フード・デスゲーム



フード・デスゲーム。


その全容が終わり、仮面を被った司会者が現れる。


今回のデスゲームも、中々に見応えがあった。


まさか、あんな最後になろうとは。


私は画面の向こうで手を振る司会者、およびデスゲームの主催者へ向けて投げ銭をした。


次々と投げられるそれを見たのか、司会者がパチパチと拍手をしながら言葉を発した。


『おお、デスゲームを愛する同士の皆様、お気持ちをありがとうございます!』


この金銭は、今後のデスゲーム運用資金として加算される仕組みだ。


猛者の投げる金額と比べれば、私の投げ銭など桁違いすぎて恥ずかしいほどだが、何もしないよりはマシだろう。


『…おや?質問が届いておりますねぇ…何々?』


…質問か、珍しいな。


このデスゲーム専用に作られたチャンネルにも、一般的なネットと同じでコメント欄が存在している。

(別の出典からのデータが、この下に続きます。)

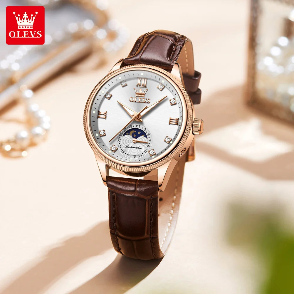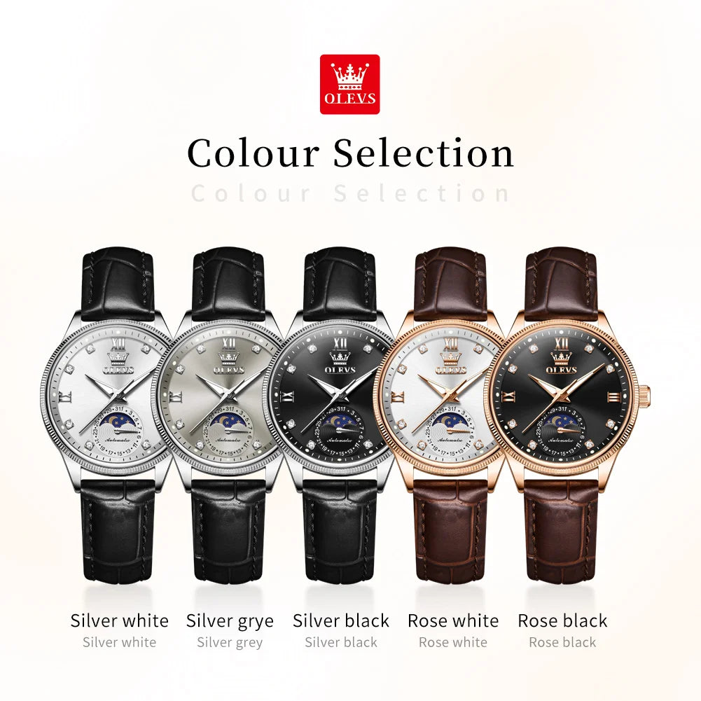 Uhrenset für Paare – Automatische wasserdichte Armbanduhren mit Mondphase für Sie und Ihn
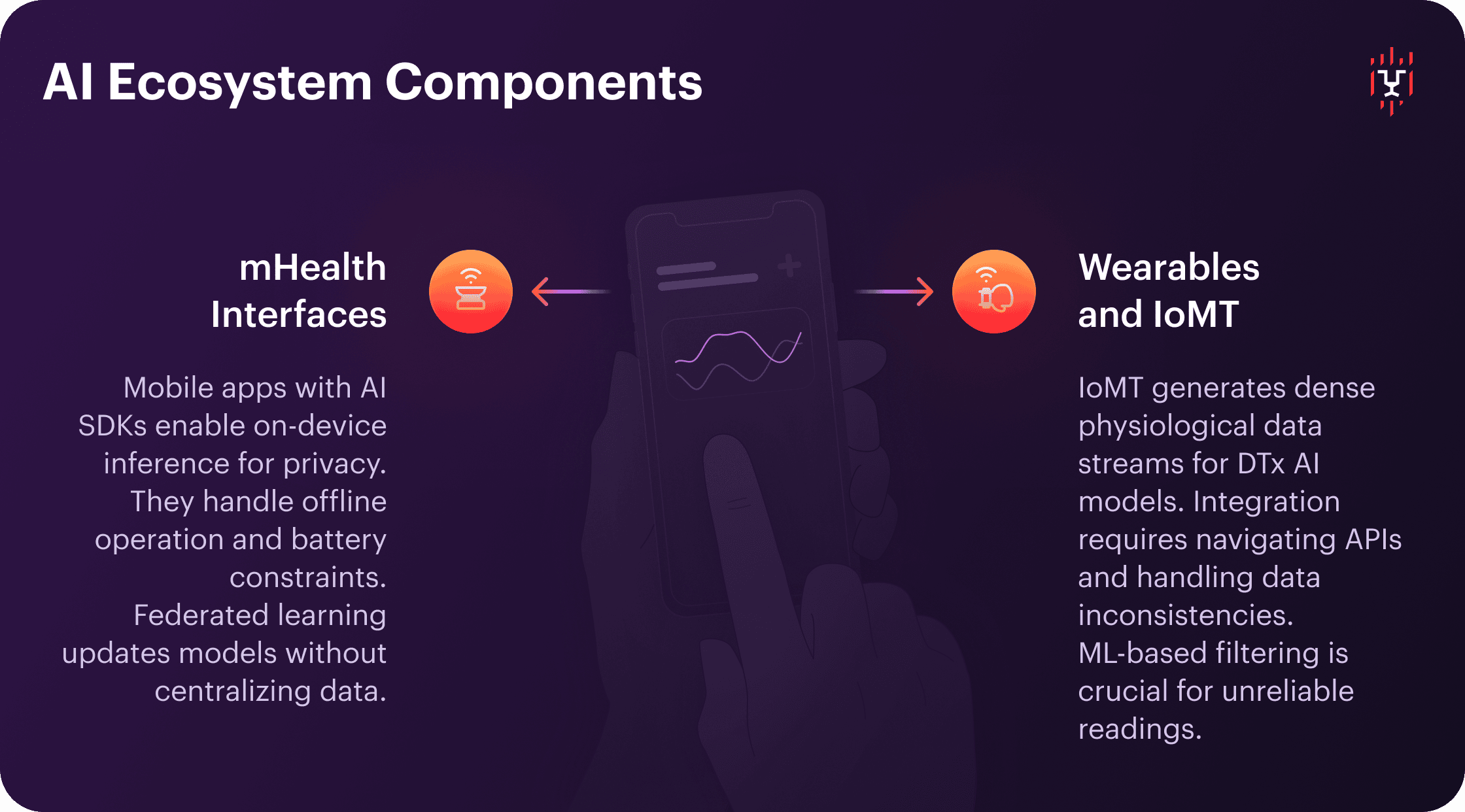 A supporting AI ecosystem does not directly implement therapeutic algorithms. It provides the data infrastructure and user touchpoints that enable DTx AI to function in real-world settings. This layer handles data collection, quality assurance, and integration. Mobile app frameworks, wearables, and IoMT devices make AI usable and feed these models.

しかし、ここに集まる者は大抵がデスゲームを見ることが目的だ。


そのため、大体のコメントは『面白い』だの『つまらない』だのといった感想が多い印象で、読み上げるほどの物ではない。


今回もそうかと思ったが…違うらしい。


司会者はそのコメントを読み上げ始めた。


『えー…“消してもらいたい人間がいます、どうすればデスゲームで消してもらえますか?”…ふーむ、こちらはご新規の方ですかな?』


読み上げられたそのコメントに、私は鼻で笑う。


デスゲームの参加者、およびその決め方。


このシステムを知らないなんて、初心者もいいところだ。


しかし、当たり前であるところの質問にも、丁寧に司会者は答えなくてはいけない。


『ご説明いたしましょう!基本的にデスゲームの参加者は“様々な方法”でランダムに決められております。

よって、会員である皆様方が関与することは基本的にはできません!

しかし…!

紹介でのみ入れる通常会員様とは別の、もう一段階上の会員様…

“プラチナ会員”様には特別権限として参加者を決められる得点がございます!

コメント主様~、ぜひご検討を!』


そう、プラチナ会員。


それは凄まじい額の寄付をしなければなれない雲の上の存在。


ただし、プラチナ会員といえど決められる参加者は一人につき一人までだという。


余分に金を払えば参加者の枠を増やせるらしいが…そこは真偽が定かではない。


詳しい得点内容はプラチナ会員にのみ通達されるらしい。


『それでは皆様、次のデスゲームもぜひ見に来てくださいませ!次のデスゲーム、会員限定パスワードは___』


おっと、もう終わりの時間か。


司会者の口から聞こえるパスワードを、急いで手元のメモ紙に書き連ねる。


『それでは皆様、またお会いいたしましょう!』


配信が終わり、暗くなる画面。


デスゲームの記録は毎度残らず消去されるため、アーカイブで後から見るということもできないのが困り所だ。


中には歴史的なデスゲームも多々あるというのに。


「さて…コーヒーでも飲むかな」


私はパソコンを閉じて、何事もなかったかのように己の日常へと戻っていった。